とある堕天使のモノガタリ ~INTROITUS~



俺と虎太郎は忍とクミをクラスの席に連れて行った。


「寛二、クミ見つけた。」

そう言って寛二の前にクミを差し出すと、俺は忍を自分の隣に座らせた。


「誰!?誰の彼女!?」

「俺の彼女!」

「さっきのウリ坊の彼女だったの!?どおりで...」


俺の周りで騒ぎ出したクラスの奴等を見つけて橋本が飛んできた。


「おおお!噂の...」

「あ、どうも。右京がお世話になってます...」


忍はご丁寧に俺のクラスメートに頭を下げた。


「ぶっ...忍それおかしいだろ...」


「...どうせ問題ばっか起こしてるんでしょ?」

「ないない。
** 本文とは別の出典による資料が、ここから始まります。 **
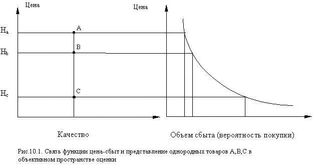 Для каждого уровня качества и для каждой категории продуктов имеется своя "стандартная цена" (рис.10.1)[8]. Она возникает в результате субъективной переработки информации о ценах и может не соответствовать ни одной реальной цене. Предположим, что товары А,В и С (рис.10.1) воспринимаются как одинаковые, с точки зрения качества, но цены продуктов различны. Тогда, исходя из принципа рациональности, будет выбран продукт с наиболее низкой ценой (функция "цена-сбыт" в микроэкономической теории). Правда, тщеславие заставляет людей покупать более дорогие продукты (Veblen - эффект).

模範生だよ。」


そんな俺の話なんて興味ないクラスの奴等は忍と俺を交互に見て唸った。
 

「しっかし、ウリ坊に彼女がいたのは知らなかった...」

「絵に描いたような完璧なカップルだな...」

「...手出すなよ?」

「そんな恐ろしい事できねーよ!」


それを聞いた忍は吹き出した。
 

「やっぱり問題ばっか起こしてるのね?」

「あのなぁ...」


「大丈夫!被害被ってるのは虎太郎だけだし。」

「そうだよ!さっきだっていきなり頭の上に...ありえねーよ!」


虎太郎の一言にみんなが爆笑した。